Although now we are well past the 'trial and error period and I believe most officers at passport control now have a mediocre knowledge, also now things have settled down and they seem to have stopped moving the goal post rules on how the Schengen visa should actually be used, it's not too bad, but most complaints are coming from holiday home owners who don't seem to be able to work out some simple maths of how long they can stay or how long they need to be out of the country before being eligible to return, then again most of their problems is also and simply because of being 'tight' and not wanting to fork out for either a extended visa or residents permit, although the RP does have stipulations in that which makes it a no go for most people.

But back to Egypt, contrary to what is said above with Egypt's new system and requirement, I can see that it is going to make life difficult for some people but also help to keep more track on who is coming into the country.

But I suppose like most things in life, we don't like change and just want to plod along the way we have done for a long time in a system which worked 'for us'


----------



## hurghadapat

Phil-H said:


> I dare say and it has been said/mentioned before (not on this forum) if Turkey actually wants to restrict the flow of people or just use their e-visa system as a cash cow.
> 
> Although now we are well past the 'trial and error period and I believe most officers at passport control now have a mediocre knowledge, also now things have settled down and they seem to have stopped moving the goal post rules on how the Schengen visa should actually be used, it's not too bad, but most complaints are coming from holiday home owners who don't seem to be able to work out some simple maths of how long they can stay or how long they need to be out of the country before being eligible to return, then again most of their problems is also and simply because of being 'tight' and not wanting to fork out for either a extended visa or residents permit, although the RP does have stipulations in that which makes it a no go for most people.
> 
> But back to Egypt, contrary to what is said above with Egypt's new system and requirement, I can see that it is going to make life difficult for some people but also help to keep more track on who is coming into the country.
> 
> But I suppose like most things in life, we don't like change and just want to plod along the way we have done for a long time in a system which worked 'for us'


I don't quite get why people are saying that it will stop tourists coming to Egypt.I have just recently returned from a trip to New York and to be able to enter the USA i had to fill in a lengthy on-line form for my ESTA (was able to bypass having to apply for a visa as i have a bio-metric passport) at Heathrow i had to have a photo taken of the iris in my eye,on arrival in the USA i had to have the photo taken again plus had my finger prints taken and had to fill in an embarkation form which had to handed in to the immigration people.I was lucky as was one of the first ones through but as you can imagine all this having to be done for every passenger a wait of 2+ hrs is not uncommon.....does this put people off going to the USA,i don't think so,so why should having to apply for a visa put tourists off.What does put people off is the constant hassle and being well and truly ripped off from the moment they set foot in the country.Have fixed prices in the shops and get rid of the all inclusive hotels and give everyone a bite of the cherry then maybe the sellers would not hassle them to death trying to grab what little bit of business there is.Also don't forget every tourist who has gone through all of this hassle goes home and immediately tells all friends and family what has happened....not exactly what you wish to hear if contemplating a holiday to Egypt
is it.


----------



## canuck2010

These days, leisure travel is all about convenience. Just recently, India finally made the long overdue change to issuing visa on arrival to boost their tourism numbers. Similarly, the vast majority of 'tourist' countries in Africa/Middle East grant visas on arrival to travelers from EU/N. America. 
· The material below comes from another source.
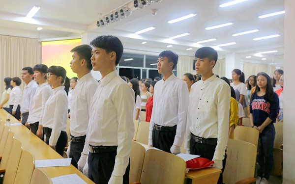 开班仪式上,新加入中国共产党的同学们面向党旗宣誓,做出他们人生中最郑重的承诺。此外,学员代表分别做了表态发言,表明了入党的决心。

Regarding USA, thankfully Canadians are exempt from ESTA.


----------



## Phil-H

As I said before the problem is we just don't like change, especially when things appear to be working, and at least working in a way that suits us.

As for harming tourism, yes I can see it making a small difference, especially with the likes of families on a budget, then having the extra visa fees lumped on top may be the deciding factor of Egypt or Spain.

As for AI holiday's, no please don't get rid of them, I've only recently discovered their benefits, although don't get me wrong, I do still eat and drink elsewhere and I never 'rush back' for meals etc just because it's AI, but it's nice to know when in your resort you don't have to be careful or start watching the pennies.

On normal holidays it works out that I spend far more on food and drink than the price difference of AI holidays.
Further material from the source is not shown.